Dans ces conditions, ce travail d’évaluation comporte le risque d’être essentiellement cosmétique, avec des objectifs relativement faciles à atteindre pour limiter l’exposition des programmes aux critiques sur l’efficacité de la dépense publique. À titre d’exemple, il est étonnant d’observer que la plupart des cibles fixées pour l’année 2018 et pour l’année 2020 sont assez proches, alors même que l’année 2018 sera marquée par l’utilisation très progressive des crédits du PIA 3 pour les programmes 422 et 423 (environ 13 % du total), tandis qu’en 2020, 46 % des crédits disponibles auront été décaissés.

b.   Les conventions avec l’État et le reporting au Parlement

Comme il a été vu, chaque convention signée entre l’État et les opérateurs pour chaque action consacre une section au suivi et à l’évaluation. C’est par exemple le cas d’une convention très récente sur le fonds d’internationalisation des PME. Comme montré ci-après, ce cadre d’évaluation est beaucoup plus poussé que le cadre présenté en annexe au projet de loi de finances.

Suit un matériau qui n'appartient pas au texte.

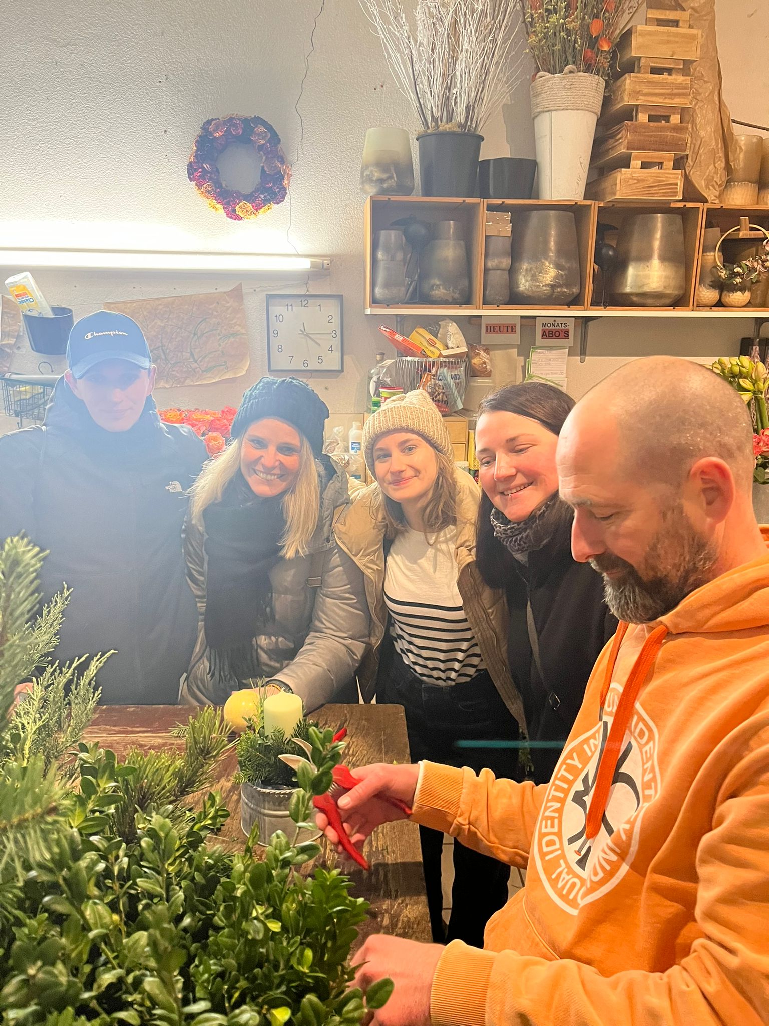 In diesem Jahr sind wir im Magazin gestartet, wo uns Carmen in Ihren extra für Zweipack erstellten Postenlauf eingeführt hat. In drei Gruppen mussten wir uns den schwierigsten Aufgaben stellen: Von Eisskulpturen schnitzen, über Weihnachtslieder per Sprachnachricht versenden, Kugeln am Weihnachtsbaum zählen bis hin zu "Rätseln unter Glühweineinfluss" war alles dabei. Sogar einen Adventskranz durften wir selber binden (natürlich unter Anleitung der Inhaberin des "Bluemehuus Bäumleingasse 7").
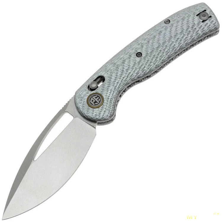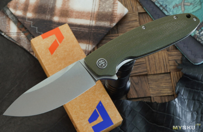 Материал рукоятки на первый взгляд смотрится грубовато, плетение напоминает карбоновое волокно (но тут ткань и эпоксидка). Но она гладкая и не склонна впитывать влагу. Спейсер из такого же материала. Центровка клинка без вопросов.Для эстетов у бренда есть и ультем.
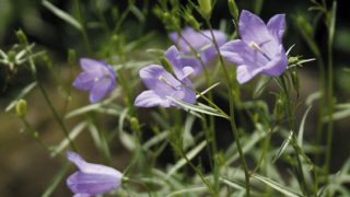 イワシャジンの小型タイプで栽培しやすい。開花期 6-8月 冬季 落葉 日当たり 日向 耐寒性 強 水やり 普通 施肥 春・秋に油粕肥料、生育時に有機液肥を2週間に1回程度 用土 山野草の土/基本培養土
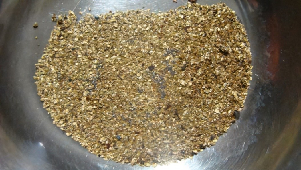 将筛选出的金砂放入水槽中,利用水流将金砂与较小的砂石分离。黄金比砂石重,因此会沉在水槽底部。

Cette convention précise, dans sa section 5, l’ensemble des modalités d’évaluation de l’action concernée, dont les coûts sont pour l’essentiel à la charge de l’opérateur qui gère cette action : une évaluation ex ante des projets qui pourront être sélectionnés ; une évaluation de suivi à l’aide d’indicateurs de performance ; une évaluation ex post plus générale (au niveau des projets et de l’action dans son ensemble), financée quant à elle à hauteur de 0,15 % de l’enveloppe de crédits.

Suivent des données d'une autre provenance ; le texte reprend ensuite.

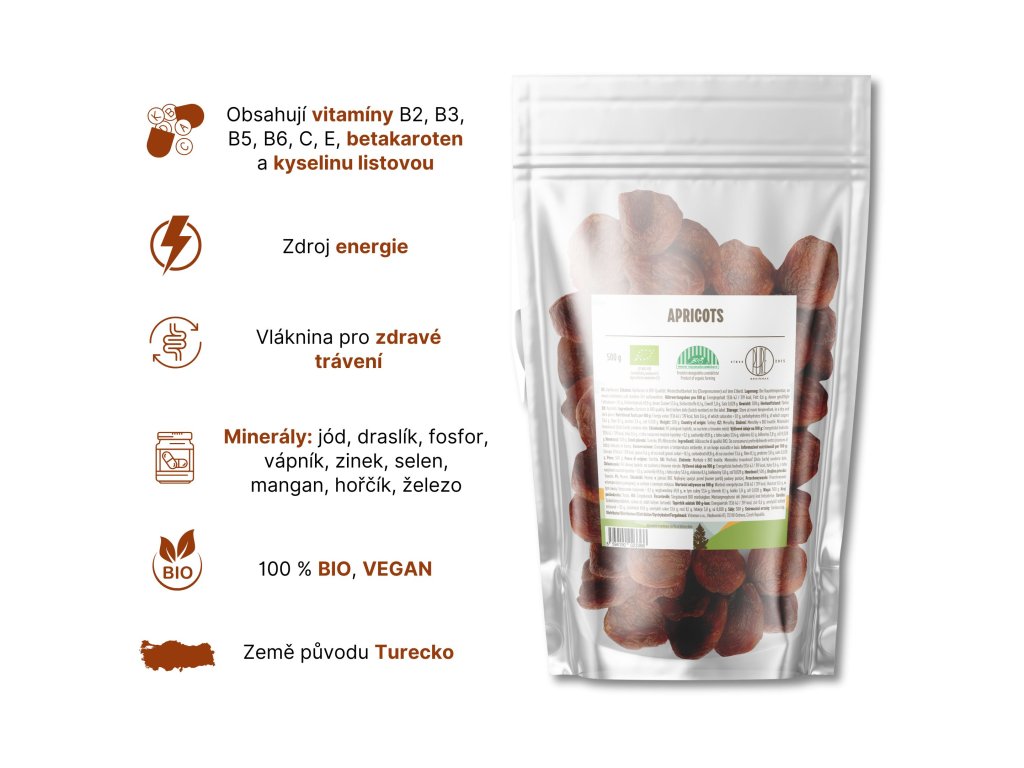 Albicocche secche BrainMax Pure® BIOLOGICHE, 500 g - Scadenza: *Scadenza del certificato CZ-BIO-001: 30.06.2026
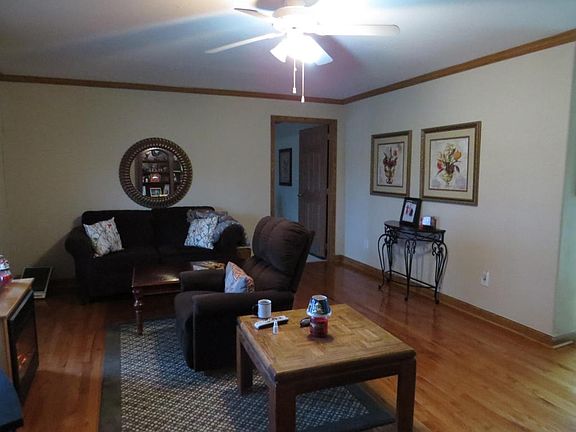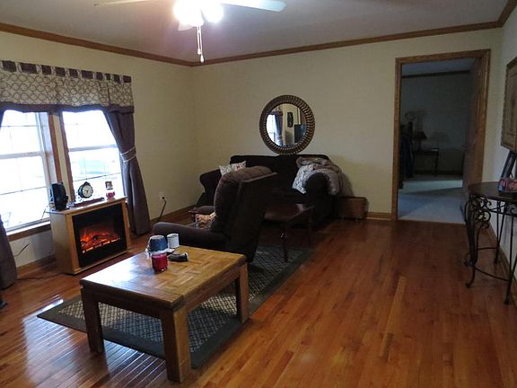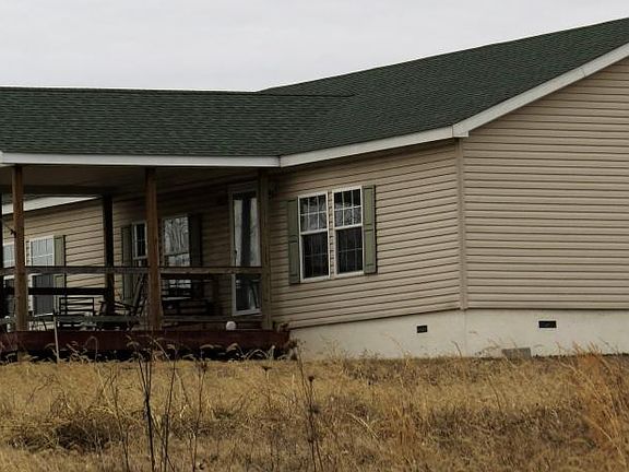 Country home with hardwood flooring in the large living room, open floor plan, eat in kitchen, lots of cabinets, huge master suite with jetted garden tub and walk in shower. Home offers all walk in closets in bedrooms, covered porch, covered deck and storm shelter area, and a crawl space access. Home is on 4.53 acres M/L with long private drive way.

Ces évaluations sont menées par des équipes externes spécialisées et indépendantes, sélectionnées à la suite d’appel d’offres en cas de recours à un prestataire privé. En particulier, elles doivent fournir une estimation de la rentabilité économique et financière de l’action, ainsi que de ses externalités socioéconomiques.

Exemples dévaluations partielles déjà réalisées (non rendues publiques)

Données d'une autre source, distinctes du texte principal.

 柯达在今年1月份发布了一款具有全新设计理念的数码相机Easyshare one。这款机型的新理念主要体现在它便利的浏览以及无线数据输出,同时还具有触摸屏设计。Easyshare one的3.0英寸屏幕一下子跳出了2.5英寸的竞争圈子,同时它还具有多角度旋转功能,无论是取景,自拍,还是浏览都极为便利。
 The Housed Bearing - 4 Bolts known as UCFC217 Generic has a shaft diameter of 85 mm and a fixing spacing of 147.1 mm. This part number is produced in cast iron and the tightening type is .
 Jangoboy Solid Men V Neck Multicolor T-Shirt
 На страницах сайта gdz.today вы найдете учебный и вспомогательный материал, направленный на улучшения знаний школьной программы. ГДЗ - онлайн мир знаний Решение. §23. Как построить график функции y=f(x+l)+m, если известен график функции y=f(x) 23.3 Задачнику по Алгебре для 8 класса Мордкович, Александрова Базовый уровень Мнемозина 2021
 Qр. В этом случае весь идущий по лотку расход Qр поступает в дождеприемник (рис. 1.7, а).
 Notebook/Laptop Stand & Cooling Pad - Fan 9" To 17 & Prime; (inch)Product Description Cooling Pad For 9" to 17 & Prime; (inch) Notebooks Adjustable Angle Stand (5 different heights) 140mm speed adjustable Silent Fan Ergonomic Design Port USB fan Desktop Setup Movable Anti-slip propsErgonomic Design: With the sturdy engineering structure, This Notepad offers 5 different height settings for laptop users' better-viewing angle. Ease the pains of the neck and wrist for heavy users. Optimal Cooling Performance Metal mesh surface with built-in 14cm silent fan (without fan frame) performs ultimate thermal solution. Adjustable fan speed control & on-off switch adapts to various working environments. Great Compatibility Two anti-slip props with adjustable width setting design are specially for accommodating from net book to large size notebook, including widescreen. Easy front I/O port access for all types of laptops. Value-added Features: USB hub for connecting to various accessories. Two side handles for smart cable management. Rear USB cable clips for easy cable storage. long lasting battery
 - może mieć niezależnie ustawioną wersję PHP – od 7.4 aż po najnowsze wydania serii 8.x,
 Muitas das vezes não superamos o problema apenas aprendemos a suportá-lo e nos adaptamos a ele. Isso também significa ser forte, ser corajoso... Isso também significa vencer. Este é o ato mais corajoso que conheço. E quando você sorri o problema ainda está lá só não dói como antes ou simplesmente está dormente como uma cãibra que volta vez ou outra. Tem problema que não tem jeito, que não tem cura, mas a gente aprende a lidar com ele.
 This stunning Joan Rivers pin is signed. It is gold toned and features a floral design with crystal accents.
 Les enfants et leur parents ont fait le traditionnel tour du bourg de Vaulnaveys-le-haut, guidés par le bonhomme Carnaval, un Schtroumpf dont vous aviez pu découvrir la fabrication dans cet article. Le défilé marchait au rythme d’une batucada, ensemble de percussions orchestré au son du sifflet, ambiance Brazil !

– l’évaluation économétrique intermédiaire du régime d’aides de l’ADEME par l’Institut des politiques publiques ;

– l’évaluation ex post de l’action « Financement de l’économie sociale et solidaire » par un consortium Pluricité, L’autre entreprise et Inno ;

– l’établissement d’une méthodologie d’évaluation ex post de l’action « Ville de demain » par un consortium Efficacity-InnoEco.

Parmi les indicateurs de suivi généraux, mesurés sur un rythme annuel, figurent le nombre d’ « opportunités » examinées (le deal flow), le nombre de projets ayant fait l’objet d’un investissement, le nombre de projets en situation d’échec ou le taux de rentabilité interne (TRI) du fonds d’investissement ; parmi les indicateurs plus spécifiques figurent la croissance du chiffre d’affaires, de la valeur ajoutée et du chiffre à l’exportation des sociétés soutenues (avant et après consolidation avec les entreprises acquises), ou encore la croissance de leurs effectifs.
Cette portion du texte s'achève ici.